According to the Company’s FORM 10-Q for the quarterly period ended April 30, 2006, on June 26, 2003, the plaintiffs announced a proposed settlement with the Company and the other issuer defendants. The proposed settlement provides that the plaintiffs will be guaranteed $1.0 billion dollars in recoveries by the insurers of the Company and other issuer defendants. Accordingly, any direct financial impact of the proposed settlement is expected to be borne by the Company’s insurers in accordance with the proposed settlement. In addition, the Company and the other settling issuer defendants will assign to the plaintiffs certain claims that they may have against the underwriters. If recoveries in excess of $1.0 billion dollars are obtained by the plaintiffs from the underwriters, the Company’s and the other issuer defendants’ monetary obligations to the class plaintiffs will be satisfied. Furthermore, the settlement is subject to a hearing on fairness and approval by the Federal District Court overseeing the IPO Litigation. On February 15, 2005, the Court issued an order preliminarily approving the terms of the proposed settlement. The Court also certified the settlement classes and class representatives for purposes of the proposed settlement only. On April 24, 2006, the Court held a fairness hearing to determine whether the proposed settlement should be approved. Due to the inherent uncertainties of litigation and assignment of claims against the underwriters, and because the settlement has not yet been finally approved by the Federal District Court, the ultimate outcome of the matter cannot be predicted.

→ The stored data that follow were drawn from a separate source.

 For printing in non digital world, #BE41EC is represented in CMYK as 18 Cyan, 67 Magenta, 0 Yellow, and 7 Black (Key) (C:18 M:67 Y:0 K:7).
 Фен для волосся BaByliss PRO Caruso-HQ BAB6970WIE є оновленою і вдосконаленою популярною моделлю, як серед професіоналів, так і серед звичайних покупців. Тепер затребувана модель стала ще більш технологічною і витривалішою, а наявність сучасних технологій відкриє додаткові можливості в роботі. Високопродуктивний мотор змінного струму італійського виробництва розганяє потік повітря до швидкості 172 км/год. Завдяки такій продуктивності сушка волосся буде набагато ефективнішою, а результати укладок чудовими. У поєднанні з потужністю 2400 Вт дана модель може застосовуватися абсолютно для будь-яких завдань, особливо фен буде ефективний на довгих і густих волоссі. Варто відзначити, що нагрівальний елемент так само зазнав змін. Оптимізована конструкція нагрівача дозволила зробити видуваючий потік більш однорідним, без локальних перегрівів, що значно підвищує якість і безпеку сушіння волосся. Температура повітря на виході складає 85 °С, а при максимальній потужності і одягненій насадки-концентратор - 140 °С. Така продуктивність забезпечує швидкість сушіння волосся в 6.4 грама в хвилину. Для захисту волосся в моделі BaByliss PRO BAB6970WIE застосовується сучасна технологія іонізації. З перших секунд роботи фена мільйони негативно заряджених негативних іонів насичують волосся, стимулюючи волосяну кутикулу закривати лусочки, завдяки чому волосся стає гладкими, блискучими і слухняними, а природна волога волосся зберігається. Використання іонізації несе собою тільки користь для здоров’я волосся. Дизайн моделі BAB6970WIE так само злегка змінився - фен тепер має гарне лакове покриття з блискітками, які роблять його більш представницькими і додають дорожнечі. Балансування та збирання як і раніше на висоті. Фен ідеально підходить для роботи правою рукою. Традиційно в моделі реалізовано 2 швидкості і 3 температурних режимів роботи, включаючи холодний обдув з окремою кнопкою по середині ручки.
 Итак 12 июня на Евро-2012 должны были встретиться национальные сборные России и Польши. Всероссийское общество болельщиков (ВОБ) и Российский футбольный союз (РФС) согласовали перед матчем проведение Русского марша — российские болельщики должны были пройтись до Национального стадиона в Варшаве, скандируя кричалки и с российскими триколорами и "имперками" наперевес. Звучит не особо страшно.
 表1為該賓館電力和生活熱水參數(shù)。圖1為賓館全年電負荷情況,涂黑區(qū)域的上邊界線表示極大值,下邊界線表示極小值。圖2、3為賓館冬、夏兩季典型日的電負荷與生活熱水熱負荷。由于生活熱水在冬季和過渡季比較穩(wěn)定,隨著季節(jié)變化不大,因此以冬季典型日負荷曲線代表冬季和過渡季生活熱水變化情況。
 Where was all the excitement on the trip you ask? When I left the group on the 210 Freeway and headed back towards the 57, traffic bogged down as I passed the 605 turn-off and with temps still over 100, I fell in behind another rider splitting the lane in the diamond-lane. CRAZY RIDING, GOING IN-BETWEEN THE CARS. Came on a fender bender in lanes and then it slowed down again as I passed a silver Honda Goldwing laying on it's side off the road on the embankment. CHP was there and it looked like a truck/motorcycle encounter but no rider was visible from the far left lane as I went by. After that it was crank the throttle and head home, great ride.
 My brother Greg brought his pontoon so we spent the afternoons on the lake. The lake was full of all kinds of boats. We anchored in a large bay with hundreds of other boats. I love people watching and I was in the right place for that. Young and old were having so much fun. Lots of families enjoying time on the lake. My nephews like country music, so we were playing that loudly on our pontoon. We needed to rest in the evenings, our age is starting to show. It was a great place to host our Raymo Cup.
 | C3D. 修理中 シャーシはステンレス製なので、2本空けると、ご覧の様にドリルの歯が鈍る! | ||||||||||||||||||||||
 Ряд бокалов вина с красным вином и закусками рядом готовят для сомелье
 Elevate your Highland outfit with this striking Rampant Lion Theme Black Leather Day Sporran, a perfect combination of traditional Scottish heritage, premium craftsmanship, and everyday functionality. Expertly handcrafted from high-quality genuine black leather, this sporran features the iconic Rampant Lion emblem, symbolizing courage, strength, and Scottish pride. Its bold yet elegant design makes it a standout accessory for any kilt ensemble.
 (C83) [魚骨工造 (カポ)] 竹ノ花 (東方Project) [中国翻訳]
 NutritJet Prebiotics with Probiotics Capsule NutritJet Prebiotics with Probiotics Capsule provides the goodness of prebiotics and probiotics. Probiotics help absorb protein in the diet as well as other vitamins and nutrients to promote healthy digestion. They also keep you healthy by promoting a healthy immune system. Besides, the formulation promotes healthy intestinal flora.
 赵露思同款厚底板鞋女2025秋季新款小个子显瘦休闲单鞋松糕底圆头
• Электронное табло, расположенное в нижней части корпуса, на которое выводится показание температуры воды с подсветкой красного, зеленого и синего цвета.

As disclosed by the same SEC filing, on June 12, 2001, a securities class action lawsuit in which the Company and certain of its officers and directors are named as defendants was filed in the United States District Court for the Southern District of New York. More than 150 issuers have been named in similar lawsuits. In July 2002, an omnibus motion to dismiss all complaints against issuers and individual defendants affiliated with issuers (including the TiVo defendants) was filed by the entire group of issuer defendants in these similar actions. On October 8, 2002, TiVo’s officers were dismissed as defendants in the lawsuit. On February 19, 2003, the court in this action issued its decision on defendants’ omnibus motion to dismiss. This decision dismissed the Section 10(b) claim as to TiVo but denied the motion to dismiss the Section 11 claim as to TiVo and virtually all of the other issuer-defendants.
The complaint charges defendants with violation of Sections 10(b) and 20(a) of the Securities Exchange Act of 1934, and Rule 10b-5 promulgated thereunder, for issuing a Registration Statement and Prospectus (the "Prospectus") that contained material misrepresentations and/or omissions. The Prospectus was issued in connection with the TiVo IPO. The complaint alleges that the Prospectus was false and misleading because it failed to disclose (i) the Underwriter Defendants agreement with certain investors to provide them with significant amounts of restricted TiVo shares in the IPO in exchange for exorbitant and undisclosed commissions; and (ii) the agreement between the Underwriter Defendants and certain of its customers whereby the Underwriter Defendants would allocate shares in the IPO to those customers in exchange for the customers' agreement to purchase TiVo shares in the after-market at pre-determined prices.